Мари достала пакетик, куда положила камень, найденный в переметных сумах лошади Фрэнка. Камень с огамом «Z». Следовало срочно бросить все силы на поиск надгробия, отмеченного таким знаком.

— Это будет местом следующего преступления, — сдержанно высказала предположение Мари.

— Вероятнее всего, серии теперь пришел конец, поскольку Эдварда изолировали, — возразил Лукас.

— У нас есть только предположения, основанные на вероятности, — поправил Ангус. — Я же призываю к осторожности, предпочитаю побыстрее найти остальные надгробия и следить за ними на случай, если…
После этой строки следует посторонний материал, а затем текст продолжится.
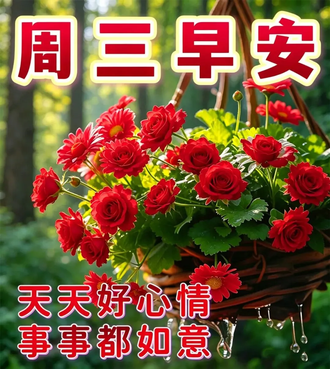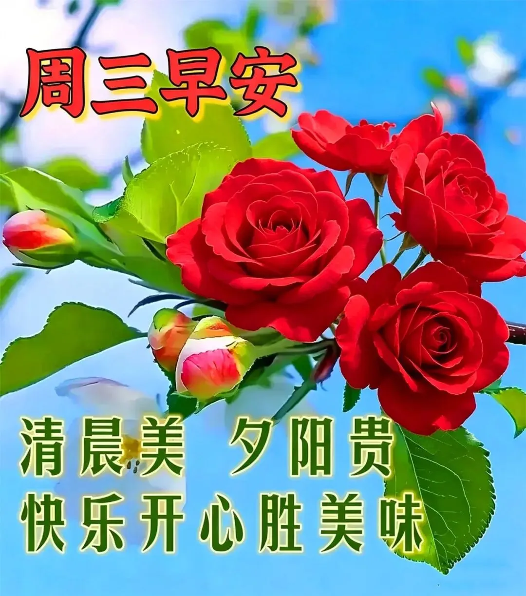 周三了,睁开双眼,看旭日灿烂;舒展笑脸,听鸟儿呢喃;拥抱快乐今天,迎来开心无限。朋友,早安,愿你无忧无烦,好运连连!
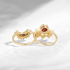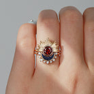 Ready To Ship | Round Garnet Solitaire Retro Sun & Moon Engagement Ring Set 2pcs
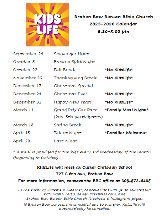 Each KidsLife meeting will include a time of worship, an activity, a memory verse, as well as Bible time, a snack, and games. All students can enter through the main doors on the East side of the school. Children are invited to bring their Bibles and friends! We hope your child will be able to join us for an encouraging evening of knowing God better!
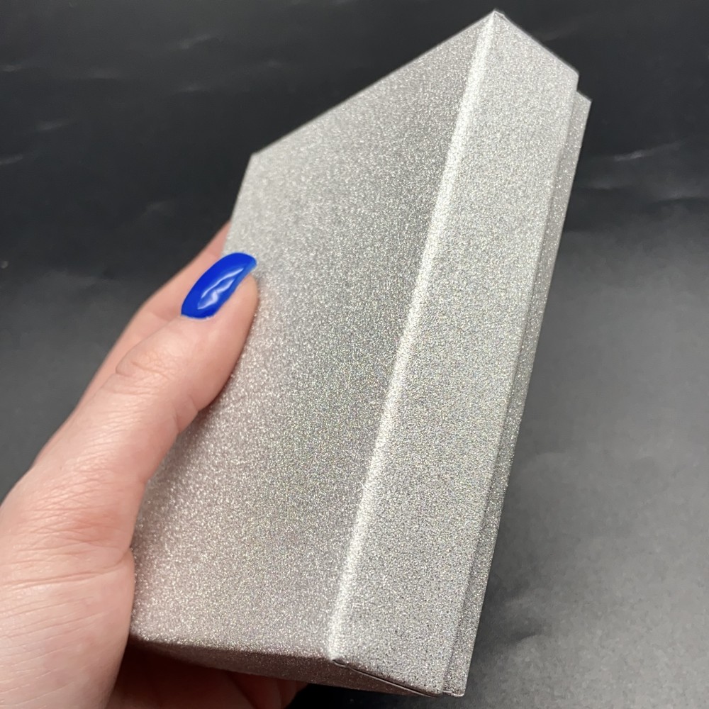 • Подарочная коробочка, с ложементом, картонная, серебристая, блестящая, размер 110х80х25 мм
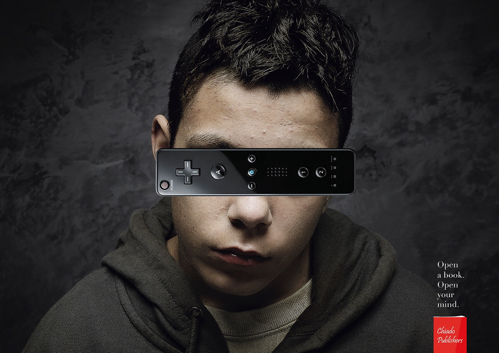 Dans le même esprit d’incitation à la lecture de livres, la campagne d’affichage portugaise pour Chiado Publishers « Open a book, open your mind » est très décevante. L’opposition télévision/game boy/smartphone et les livres est un grand classique qui paraît aujourd’hui totalement désuet. Pourquoi l’utilisation de l’un empêcherait-il le plaisir de l’autre ?
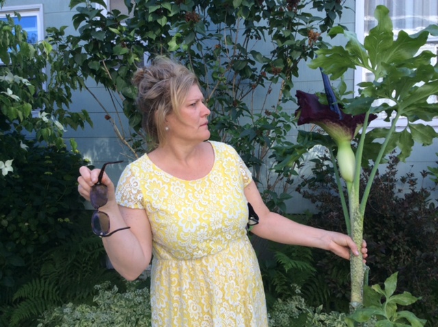 We’ve got lots of ferns in our garden in the Pacific NorthWest. Something out of character for our region that we find every year is this odd phenomenon of a flower, called the CORPSE FLOWER. It smells like rotting flesh, believe it or not. Hence the name.
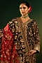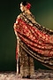 Featuring a red and black shawl in silk base with thread and zardosi embroidery. Style it over a kurta set, kundan polki jewellery and heels for a festive ceremony or pre-wedding functions.
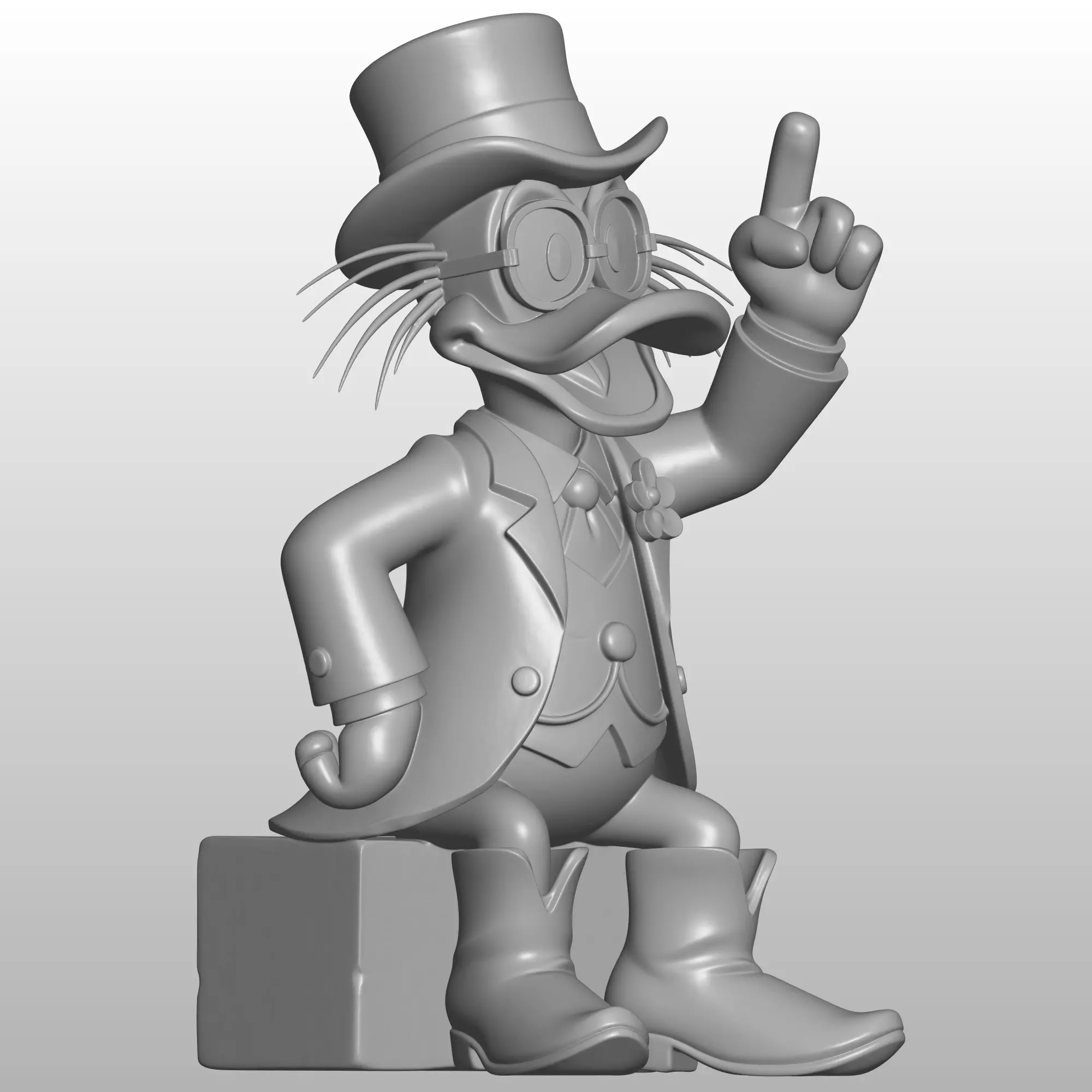 This STL file features Rockerduck in his iconic outfit: the top hat, spectacles, tuxedo, and those distinctive whiskers. He is depicted in a commanding seated pose, making it an excellent piece for display on a shelf or office desk.

Он добавил, что, если верить легенде, два вида убийств еще не осуществлены: смерть в грязи и отравление. Он немедленно прикажет контролировать еду, подаваемую последним наследникам Салливанов, то есть Жилль, Луизе и Мари…

Лицо Лукаса вдруг замкнулось. Мари проследила за его взглядом. К ним тихо подошел Кристиан, который спокойно сказал:

— Ферсен, вам тоже надо остерегаться. Женившись на Мари, вы вошли в число наследников Салливанов, так что вы потенциальная жертва. Или преступник. В конце концов, кто может подтвердить, что в ночь убийства Келли вы действительно несколько часов провели у шеста на перешейке?..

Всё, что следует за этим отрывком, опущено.